Task item: Stop after the line holding "近日,BV伟德官方网站第十四". Repeat exactly every line before it in the records below, that line too, and leave out the pictures.

◇ ◇ ◇ ◇

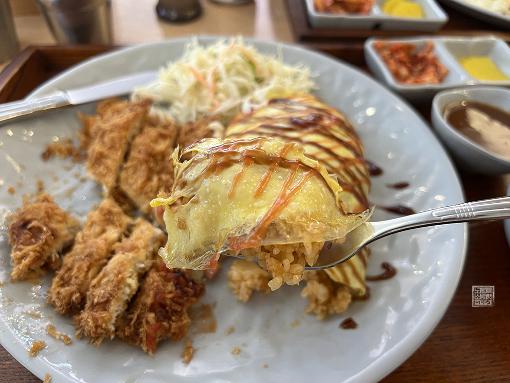 그렇게 오랜만에 어릴 적에 먹었던 느낌 그대로 나온 수제 돈까스와 오므라이스는 딱 그 시절에 먹었던 평범한 퀄리티를 가지고 있는 맛이었다. 유달리 뛰어난 맛이라고 절대 말할 수는 없지만, 평소 우리가 무난하게 먹을 수 있는 돈까스와 오므라이스로 먹을 수 있는 맛을 가지고 있었다고 생각한다.
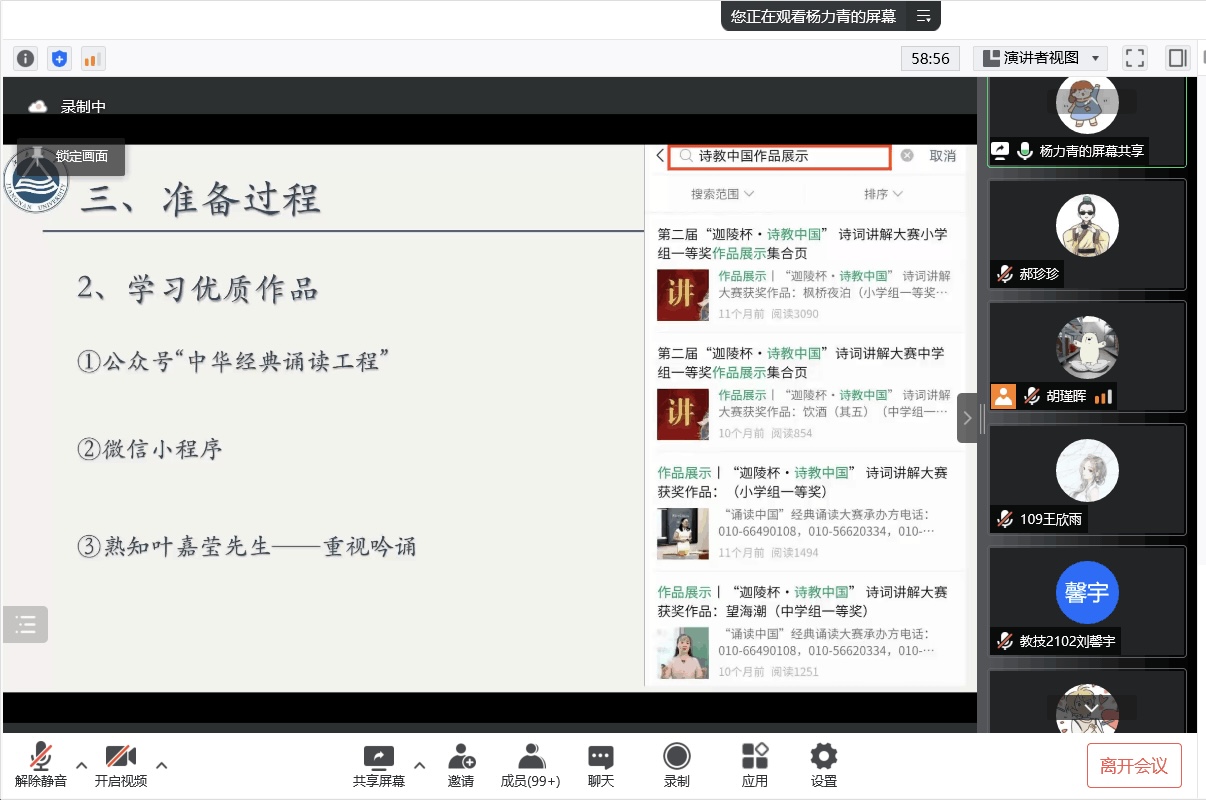 近日,BV伟德官方网站第十四期真人图书馆——中华经典诵写讲备赛经验分享会在线上顺利举行,会议邀请了在第三届中华经典诵写讲大赛“诗教中国”诗词讲解大赛中荣获一、二、三等奖的何明昭、杨力青、田佳平、陈蔚祺四位同学分享备赛经验,200余多名学生线上参加。
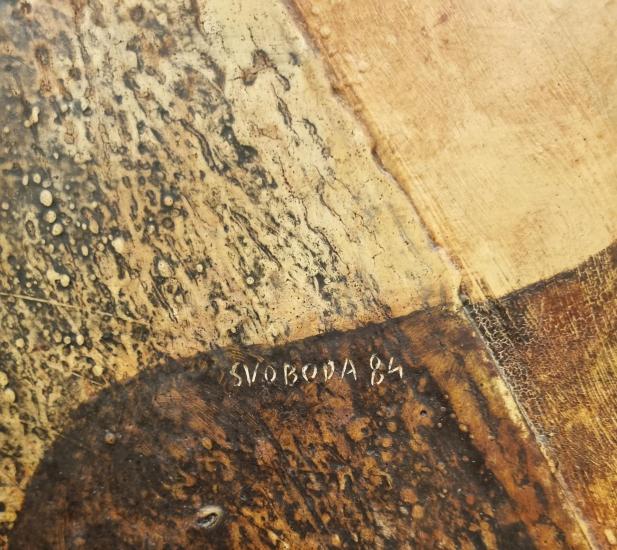 Prohlednout celou aukciMalba se sakrálním motivem od malíře Vladimíra Svobody. Autorův rukopis je velmi osobitý, vytváří místy reliéfní malbu, která má specifickou strukturu připomínající cákance barvy. Ježíšovo tělo působí jako vtlačené do formátu malby a obklopené drapérií. Autor sahá po symbolické červené barvě, kterou dotváří celý výjev, rudou barvu má i rám. Olej na sololitu, rámováno, rozměry s rámem 126 x 85 cm, rozměry díla 121 x 80 cm. Signováno v pravé části obrazu, viz foto.
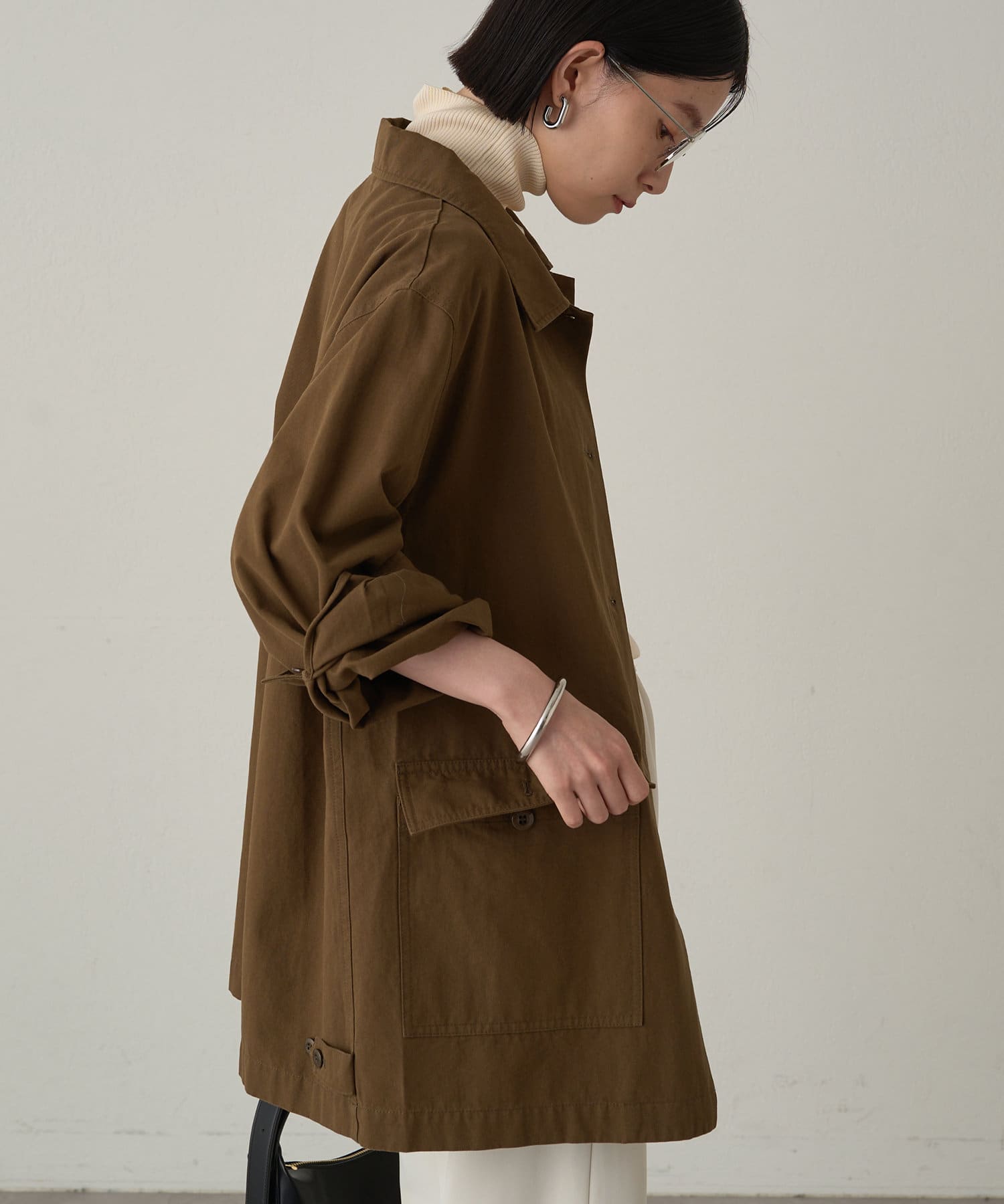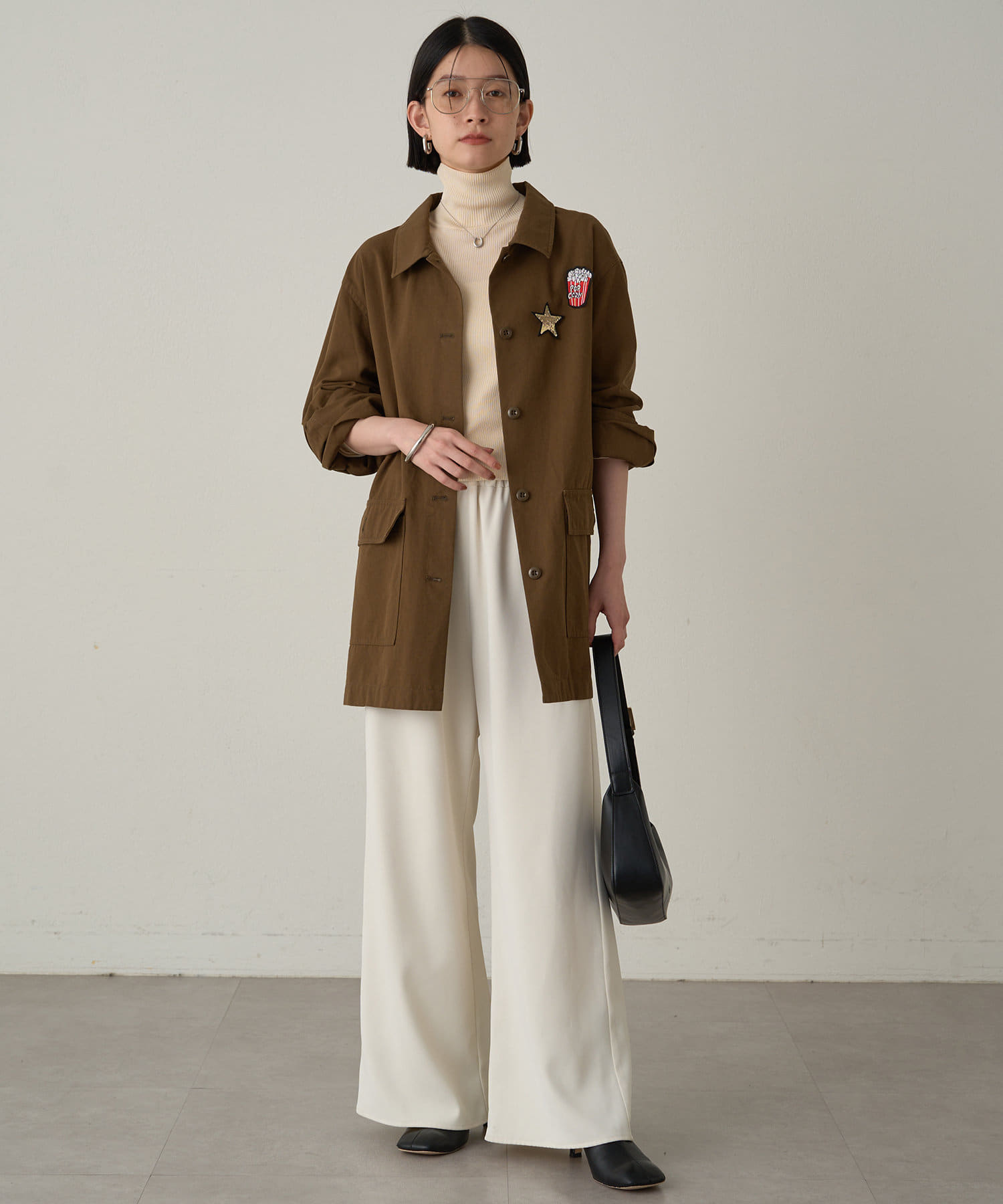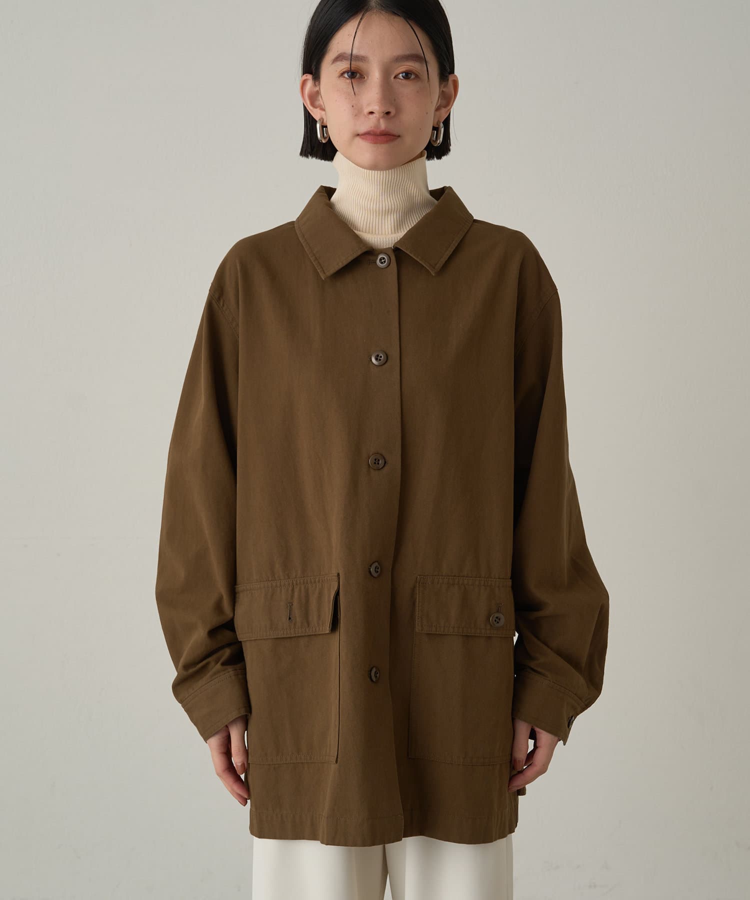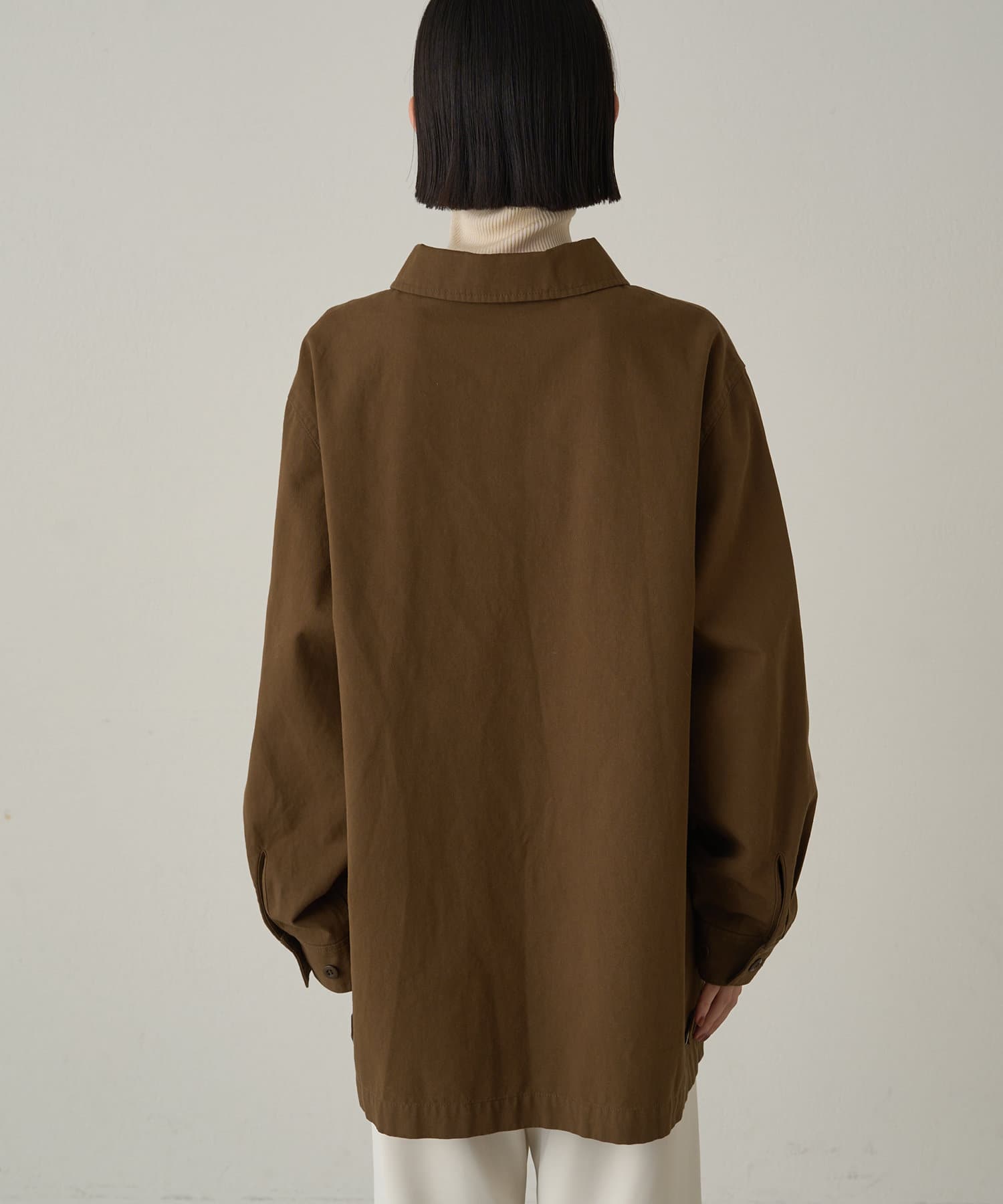 ボックスシルエットのミリタリーシャツ。
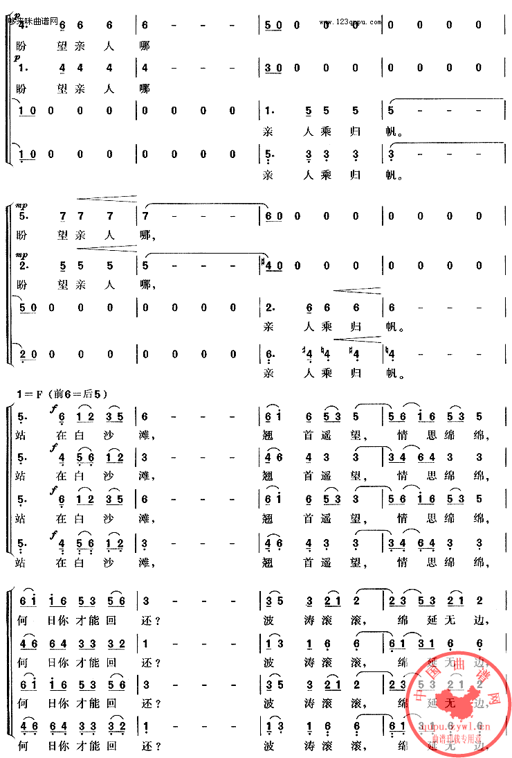 [合唱谱]党啊,亲爱的妈...
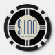 Elegant modern contemporary Monte Carlo style $100 poker chips with customizable monogram. Vintage art nouveau Gatsby style stripes for a Roaring 20's retro era poker night party. Add your own initials, or personalized text to create you own unique slick and classy playing chip. Perfect gift for the gambler man on your list. More unique masculine novelty gifts for men, poker players, casino gamblers, card sharks, executives available in store.
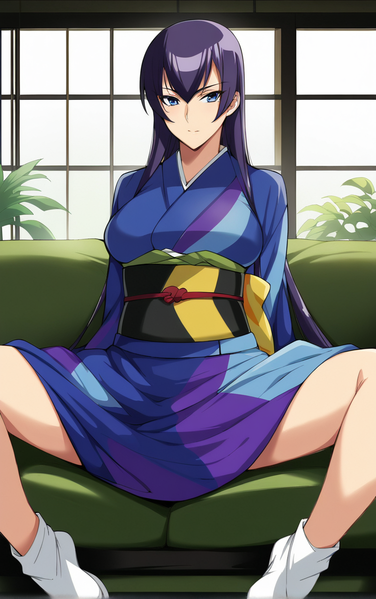 score_9, score_8_up, score_7_up, looking at viewer, BREAK Kimono_SaekoBusujima_ownwaifu, 1girl, blue eyes, hair between eyes, long hair, purple hair, very long hair, large breasts, bangs, sidelocks, japanese clothes, kimono, sash, obi, long sleeves, tabi, wide sleeves, (sitting, spread legs), arms behind back, couch, window shade, indoors, <lora:PONYXL_HighschoolOfTheDead_SaekoBusujima_ownwaifuV1:0.95> , depth of field, solo,
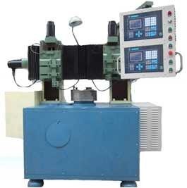 产品特点: 1.机械部分采用优质材料铸造,具有足够的强度; 2.立式液压内(外)圆夹料,操作简单、方便; 3.配置变频器,实现无级调速,提高产品质量; 4.采用第三代德亚CNC数控系统,操作简便、精度高; 5.双刀架采用燕尾槽导轨,步进电机驱动滚珠丝杆,进刀精准、灵活方便、生产效率高; 6.导轨、丝杆部配置自动润滑加油系统,具有运动灵活、减少热变形、精度稳定的特点; 7.变速箱齿轮全部高频淬火、磨齿。 8.设备导轨、拖板等大件均采用高强度铸铁材料铸造,保证机床整体的高刚性、高稳定性、机械强度。 适用产品规格(单位:mm)(尺寸可定制) ∅600、∅700、∅800、∅900、∅1000
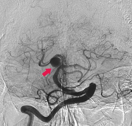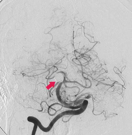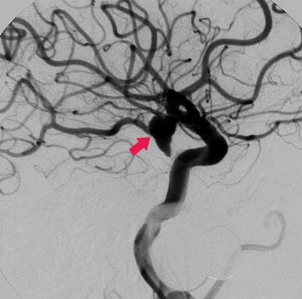 Un aneurisma es un punto débil en la pared de una arteria cerebral que llega a dilatarse como un globo y puede romperse produciendo hemorragia intracraneal.  El aneurisma puede ejercer presión sobre un nervio o el tejido cerebral circundante. Cada episodio hemorrágico conlleva una elevada probabilidad de muerte o de secuelas neurológicas invalidantes.
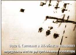 Не менее важной является проблема мониторинга ЛЭП и трансфоруаторных подстанций. Авария на линии электропередачи может привести к возникновению критических ситуаций. В связи с этим важно не только вовреуя ликвидировать последствия аварии, но, в первую очередь, предупредить ее. Наличие на снимке трассы ЛЭП, сделанном с воздуха, информации о локальном повышении температуры многожильного токопроводящего кабеля свидетельствует о том, что в этом месте произошло нарушение его целостности. Именно такие повреждения влекут за собой увеличение плотности электрического тока и, как следствие, повышение температуры носителя. В этой ситуации необходимо наложение на провод специальной шины, которая предотвращает дальнейшее разрушение кабеля, ликвидирует скачок уплотнения. Аналогичное изменение температуры происходит и в изоляторах трансформаторных высоковольтных подстанций. Это изменение можно увидеть, «поймать» с помощью тепловизора. Снимки дают яркое «свечение» в ИК-области (фото 4). Это значит, что произошло растрескивание изолятора, которое может привести к утечке электроэнергии, особенно в условиях повышенной влажности.
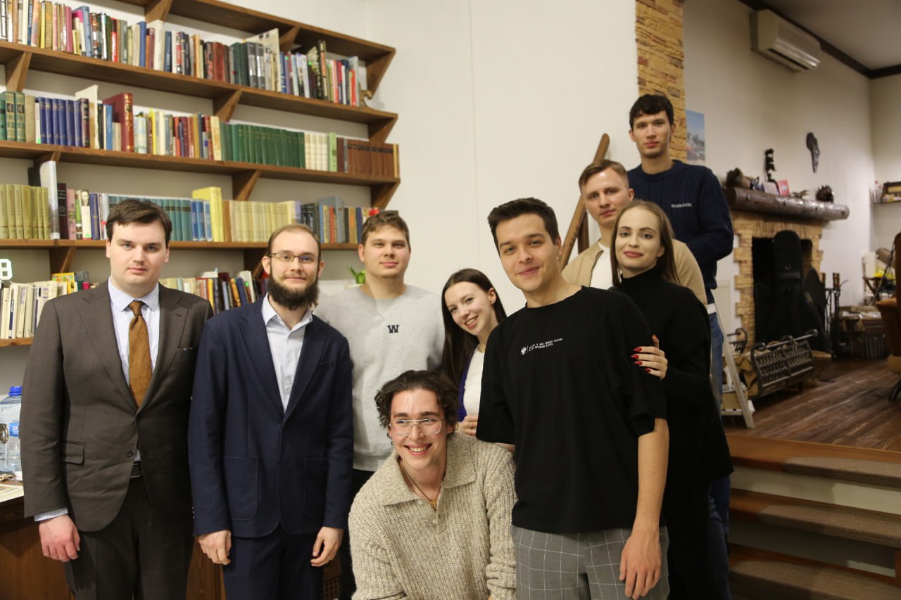 (Слева направо): Виктор Курицын, студент 2-го курса магистерской программы «Международная безопасность», член Сообщества «Под знаком ПИР» с 2024 г.; Кирилл Прохоров, студент 2-го курса магистерской программы «Международная безопасность», член Сообщества «Под знаком ПИР» с 2024 г., победитель грантового конкурса им. В.И. Трубникова в 2025 г.; Ярослав Елесин, студент 2-го курса магистерской программы «Международная безопасность», член Сообщества «Под знаком ПИР» с 2024 г.; Алексей Григорьев, студент 2-го курса магистерской программы «Международная безопасность», член Сообщества «Под знаком ПИР» с 2024 г.; Софья Дандыль, студентка 2-го курса магистерской программы «Международная безопасность», член Сообщества «Под знаком ПИР» с 2024 г.; Владислав Батманов, студент 2-го курса магистерской программы «Международная безопасность», член Сообщества «Под знаком ПИР» с 2024 г.; Екатерина Болычевская, студентка 2-го курса магистерской программы «Международная безопасность», член Сообщества «Под знаком ПИР» с 2024 г.; Артем Плаксий, студент 2-го курса магистерской программы «Международная безопасность», член Сообщества «Под знаком ПИР» с 2024 г.; Василий Придеин, студент 2-го курса магистерской программы «Международная безопасность», член Сообщества «Под знаком ПИР» с 2024 г. Вадим Козюлин, консультант и член Совета ПИР-Центра, член Сообщества «Под знаком ПИР» с 1994 г., и Дарья Морозова, студентка 2-го курса магистерской программы «Международная безопасность», член Сообщества «Под знаком ПИР» с 2024 г., на мероприятии ПИР-Центра, приуроченного к празднованию Старого Нового года, Одинцовский район, Московская область, 13 января 2026 г. Фандзю Цзян, студент 2-го курса магистерской программы «Международная безопасность», член Сообщества «Под знаком ПИР» с 2024 г., исполнил китайскую народную песню на мероприятии ПИР-Центра, приуроченного к празднованию Старого Нового года, Одинцовский район, Московская область, 13 января 2026 г. Фейхань Ван, студентка 2-го курса магистерской программы «Международная безопасность», член Сообщества «Под знаком ПИР» с 2024 г., исполнила китайскую народную песню на мероприятии ПИР-Центра, приуроченного к празднованию Старого Нового года, Одинцовский район, Московская область, 13 января 2026 г. Владимир Орлов, основатель и директор ПИР-Центра, член член Сообщества «Под знаком ПИР» с 1994 г., читает стихотворение на мероприятии ПИР-Центра, приуроченного к празднованию Старого Нового года, Одинцовский район, Московская область, 13 января 2026 г. Руслан Белозерский, студент 2-го курса магистерской программы «Международная безопасность», член Сообщества «Под знаком ПИР» с 2024 г., читает стихотворение на мероприятии ПИР-Центра, приуроченного к празднованию Старого Нового года, Одинцовский район, Московская область, 13 января 2026 г. Герман Селявин, студент 2-го курса магистерской программы «Международная безопасность», (в 2024–2025 гг. – стажёр ПИР-Центра), член Сообщества «Под знаком ПИР» с 2024 г., исполняет песню на мероприятии ПИР-Центра, приуроченного к празднованию Старого Нового года, Одинцовский район, Московская область, 13 января 2026 г. Андрей Белоусов, Посол МИД России по особым поручениям, член Экспертного совета ПИР-Центра с 2024 г., член Сообщества «Под знаком ПИР» с 2024 г., читает стихотворение на мероприятии ПИР-Центра, приуроченного к празднованию Старого Нового

◇ ◇ ◇ ◇

The answer:
 그렇게 오랜만에 어릴 적에 먹었던 느낌 그대로 나온 수제 돈까스와 오므라이스는 딱 그 시절에 먹었던 평범한 퀄리티를 가지고 있는 맛이었다. 유달리 뛰어난 맛이라고 절대 말할 수는 없지만, 평소 우리가 무난하게 먹을 수 있는 돈까스와 오므라이스로 먹을 수 있는 맛을 가지고 있었다고 생각한다.
 近日,BV伟德官方网站第十四期真人图书馆——中华经典诵写讲备赛经验分享会在线上顺利举行,会议邀请了在第三届中华经典诵写讲大赛“诗教中国”诗词讲解大赛中荣获一、二、三等奖的何明昭、杨力青、田佳平、陈蔚祺四位同学分享备赛经验,200余多名学生线上参加。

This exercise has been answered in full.